Square of the Error Function

Question

The author defines the probability integral as follows $$\Phi(z)=\frac{2}{\sqrt{\pi}}\int_0^z e^{-t^2}\mathrm{d}t$$. (S)he instructs the reader to derive the following integral representation of the square of the probability integral by transforming it to polar coordinates $$\Phi(z)^2=1-\frac{4}{\pi}\int_0^1\frac{\exp(-z^2(1+t^2))}{1+t^2}\mathrm{d}t$$. I am uncertain how transforming the integral from cartesian coordinates to polar coordinates would yield the integral representation. Can someone explain this to me? $$I^2=\frac{4}{\pi}\int_{0}^{z}\int_{0}^{z}e^{-(x^2+y^2)}dydx=-\frac{2}{\pi}\int_{0}^\frac{\pi}{2}\int_{0}^{z}-2re^{-r^2}drd\theta$$?

Answer 1

$\operatorname{erf}(z)^2$ can be expressed as an integral over the region $[0,z]\times[0,z]$. By symmetry, you can calculate half of its value by looking at the lower half triangle (i.e. with the additional bound $y\leq x$). I believe the correct coordinate transformation is $R=x^2+y^2, t=\frac yx$ (you could think of the former as $r^2$ and the latter as $\tan\theta$ in polar coordinates). Express the region in the new coordinates, calculate the Jacobian, and the result should follow.

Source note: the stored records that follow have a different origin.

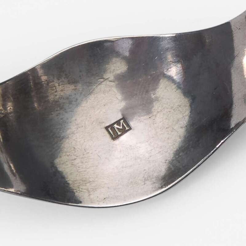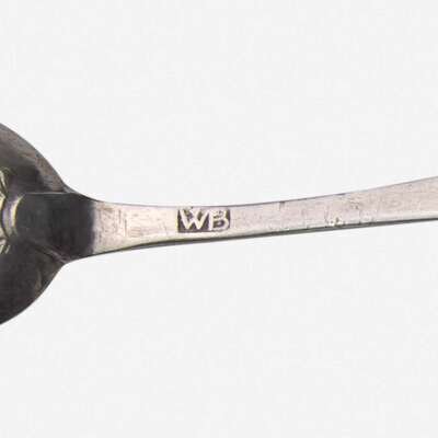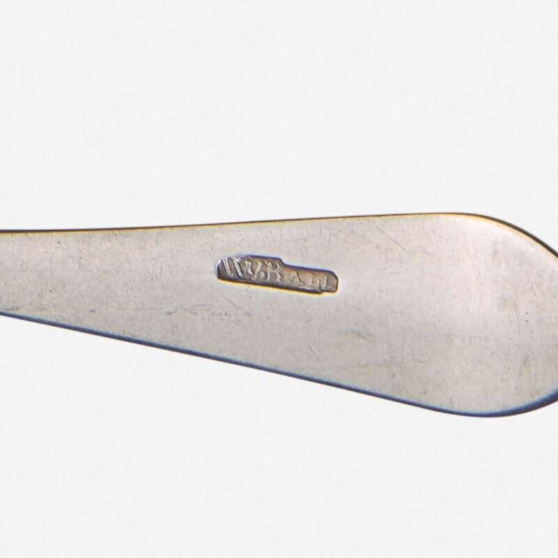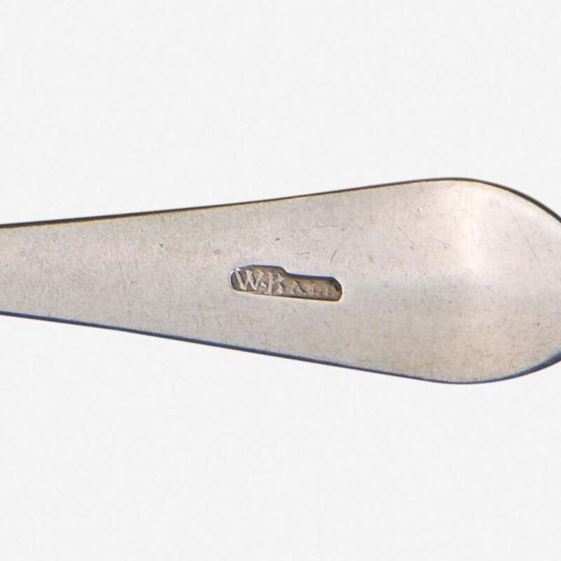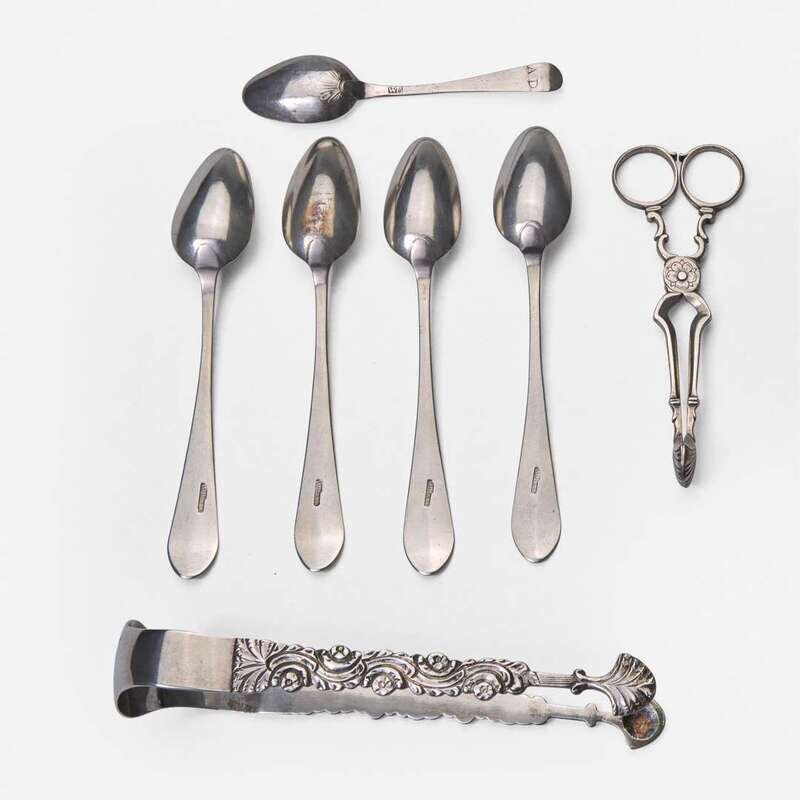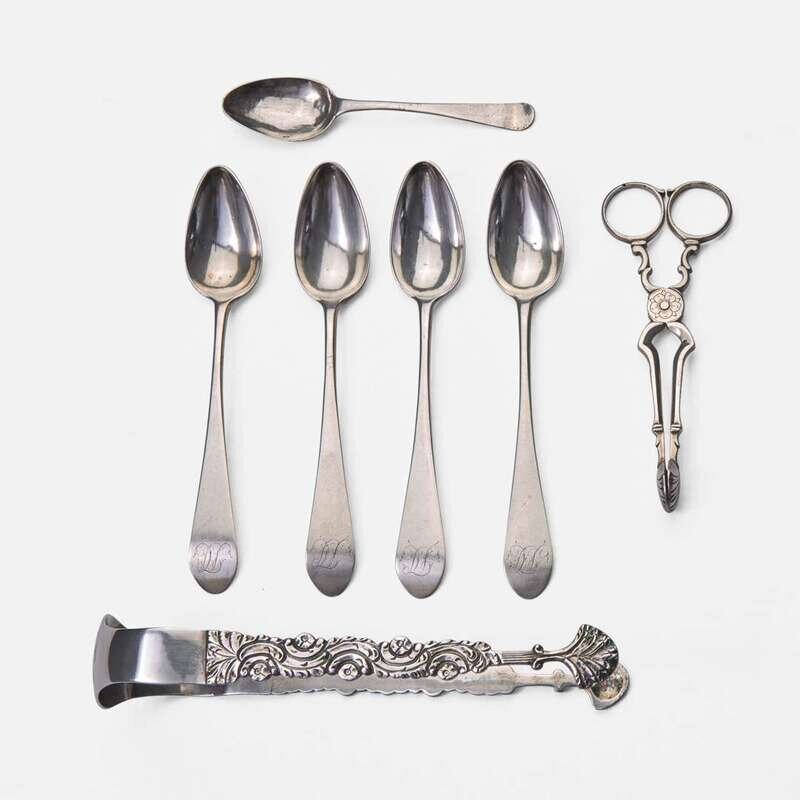 Comprising a set of four teaspoons by William Ball of Baltimore (1763-1810), circa 1790, with drop to bowl back, handle ends engraved, "JTC," marked; a single coffee spoon by William Ball of Philadelphia (1729-1810), circa 1760, of "Hanoverian" mid-rib form, with shell back, the underside of handle end engraved, "AD," marked; a sugar nips by William Ball of Philadelphia (1729-1810), circa 1750, with cast scrolled arms, shell-form bowls, engraved rosette at central crossing, one arm engraved, "M*R," marked twice, once to each bowl well; and a sugar tongs by John Murdock, circa 1780, with floriate cast arms, shell-form bowls, the end engraved, "TCMT," marked.
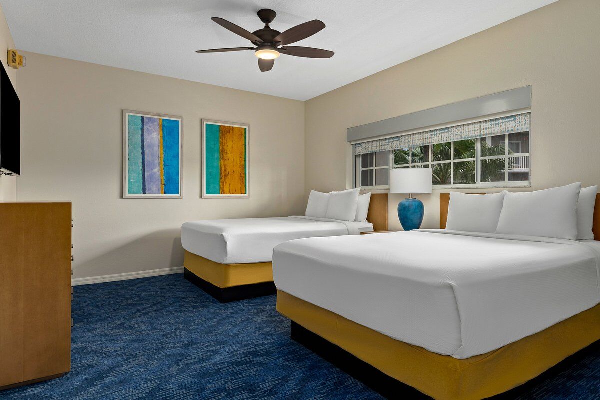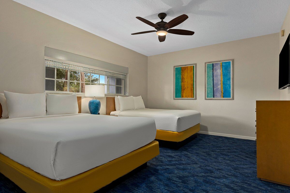Spacious one- and two-bedroom suites provide comfortable, condo-style accommodations ideal for families or longer stays. Each suite includes a fully equipped kitchen, separate living and dining areas, washer and dryer, multiple televisions, and a private balcony or patio. Thoughtful layouts and home-like amenities allow guests to relax and recharge after busy days exploring Central Florida.
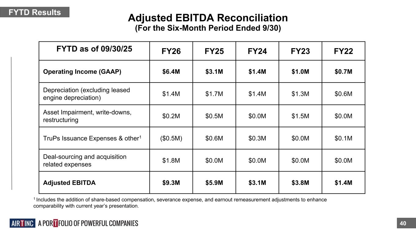 Adjusted EBITDA Reconciliation 39 FY Results *Includes one-time ERC credit of $9.1M (For the Twelve-Month Period Ended 3/31) FY25 FY24 FY23 FY22 FY21 Operating Income (GAAP) $1.9M $1.3M ($4.4M) $8.8M* ($9.2M) Depreciation (excluding leased engine depreciation) $3.0M $2.8M $2.5M $1.6M $1.2M Asset Impairment, write-downs, restructuring $1.5M $1.2M $7.8M $0.8M $6.6M TruPs Issuance Expenses & other1 $1.0M $0.9M $0.1M $0.3M $0.0M Adjusted EBITDA $7.4M $6.1M $6.0M $11.4M* ($1.3M) 1 Includes the addition of share-based compensation, severance expense and deal-sourcing expense adjustments to enhance comparability with current year’s presentation.

Full solution: $\def\pdv#1#2{\frac{\partial #1}{\partial #2}}$

First, $erf^2(z)=\frac4\pi\int_{[0,z]^2}e^{-(x^2+y^2)}dxdy=\frac8\pi\int_{D}e^{-(x^2+y^2)}dxdy$, where $D=\{(x,y)\in[0,z]^2 \mid y\leq x\}$. Write $I=\int_{D}e^{-(x^2+y^2)}dxdy$.

The inverse of the Jacobian (since this is easier to calculate) is $\begin{pmatrix}\pdv Rx&\pdv Ry\\ \pdv tx&\pdv ty\end{pmatrix}$ with determinant $2(1+t^2)$, so its inverse has determinant $\frac1{2(1+t^2)}$. The triangular region $D$ becomes the region $\{(R,t)|0\leq t\leq1, 0\leq R\leq z^2(t^2+1)\}$. (You need to notice $\frac1{\cos^2\theta}=\tan^2\theta+1$.)

At last the calculation. $$I=\int_0^1\int_0^{z^2(t^2+1)}e^{-R}\cdot\frac1{2(1+t^2)}dRdt=\frac12\int_0^1(1-e^{-z^2(1+t^2)})\frac1{1+t^2}dt=\frac12(\frac\pi4-\int_0^1\frac{e^{-z^2(1+t^2)}}{1+t^2}dt),$$ so $$erf^2(z)=\frac8\pi I=1-\frac4\pi\int_0^1\frac{e^{-z^2(1+t^2)}}{1+t^2}dt$$ as desired.